Sen. Tony Lourey, DFL-Kerrick, said federal funds for Medicaid programs also would help cut state spending.
"We should not turn down these possible federal investments that could help get our economy back on track," Lourey said.
Hitting the road
Legislative leaders say they will hold committee hearings around Minnesota to get public input as they begin to form a two-year budget.
"You get a better feel for what people will accept and not accept..." said Sen. Keith Langseth, DFL-Glyndon. "The only way we can do this is something that does not look partisan."
Langseth, often one of Gov. Tim Pawlenty's harshest critics, said Democrats who control the Legislature cannot just take the governor's budget proposal around the state and bash it.
Renewables on table
Renewable energy will be on the minds of some lawmakers during the upcoming session.
Sen. Gary Kubly, DFL-Granite Falls, said he would like to see Minnesota offer incentives to encourage use of solar-powered energy equipment. He suggested pilot projects that would use a special renewable energy development fund.
“I think it’s certainly an area we will continue in,” he said of the Legislature’s interest in renewable energy.
New urban-rural divide?
Massive budget cuts could expose a new divide between urban and rural lawmakers, Sen. Dan Skogen, DFL-Hewitt, predicted.
State spending cuts to schools and nursing homes – two oft-protected budget areas, but still possible targets for budget cuts – would hurt rural communities more than metropolitan cities, Skogen said. In many small towns, those are the two largest employers.
Democratic legislative leaders often say Republican Gov. Tim Pawlenty's apparent presidential ambitions can get in his way of governing Minnesota.
But even less partisan lawmakers think that, too.
"I do believe he has presidential aspirations," Rep. Paul Marquart, DFL-Dilworth, said. "I do not begrudge that at all. But I do believe he approaches issues from a little different perspective. I do think that is the mystery card here.
"He has to be a little more pure on the Republican issues than maybe even he would like to be."
Not much will be discussed in the 2009 legislative session other than money, but given the recent U.S. Senate recount, Rep. Kent Eken thinks he has a proposal that may get some traction.
The Twin Valley Democrat plans to introduce a constitutional amendment to require that an election winner receive the majority of the vote. Gov. Tim Pawlenty did not win a majority in either of his governor races, in part because Independence Party candidates siphoned off some votes from the two major candidates.
While the amendment would not specify how a majority would be ensured, one way is to only allow the top two voter-getters from the primary election to be in the general election.
Eken said even Pawlenty should like the idea because an official who received a majority of the votes would be in a stronger political position.
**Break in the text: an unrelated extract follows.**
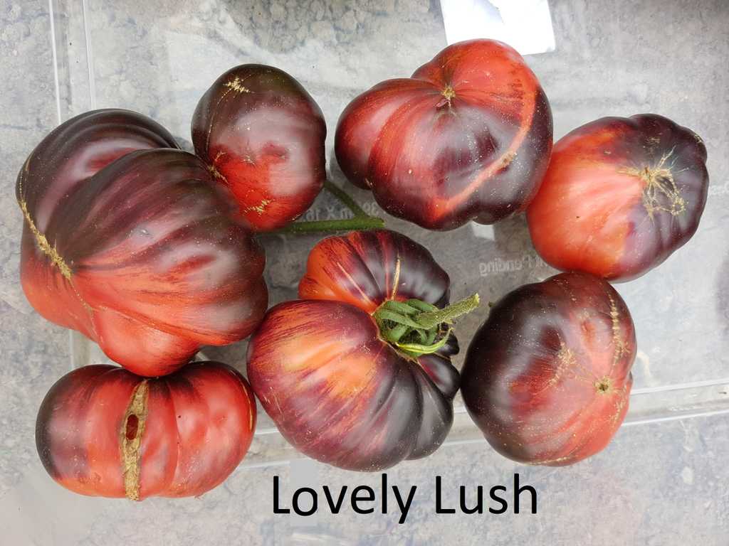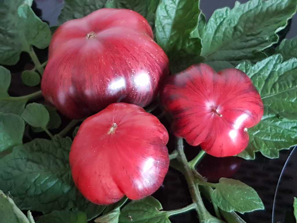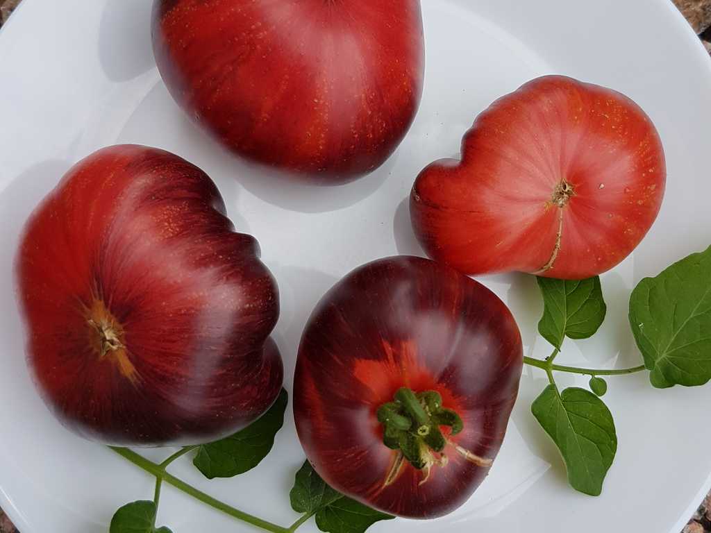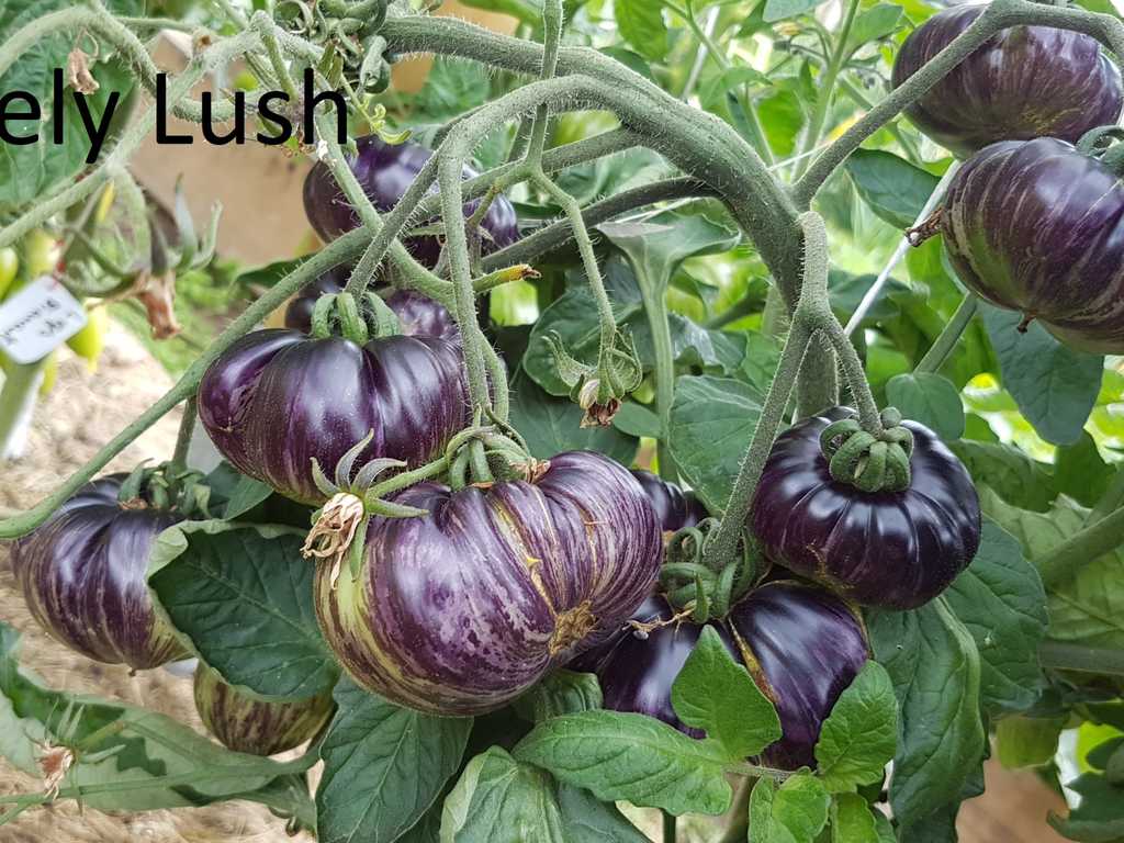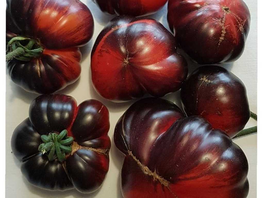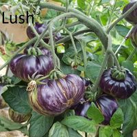 180cm hög, 100-200g frukterna har en varierand form och storlek, saftig, fast, söt med mycket god tomatsmak. Mycket blå färg får frukter, när de växer på solig plats.

"That would give him more leverage in the process," Eken said. "He could speak with greater authority."
Legislators are used to interest groups approaching them, asking for money.
That cannot happen now, with the state facing a huge budget deficit, Sen. Tom Bakk, DFL-Cook said.
"Don't come to me to ask that your little piece of the state budget be protected," Bakk told interest groups. "Come to me with ideas, how we can do things differently."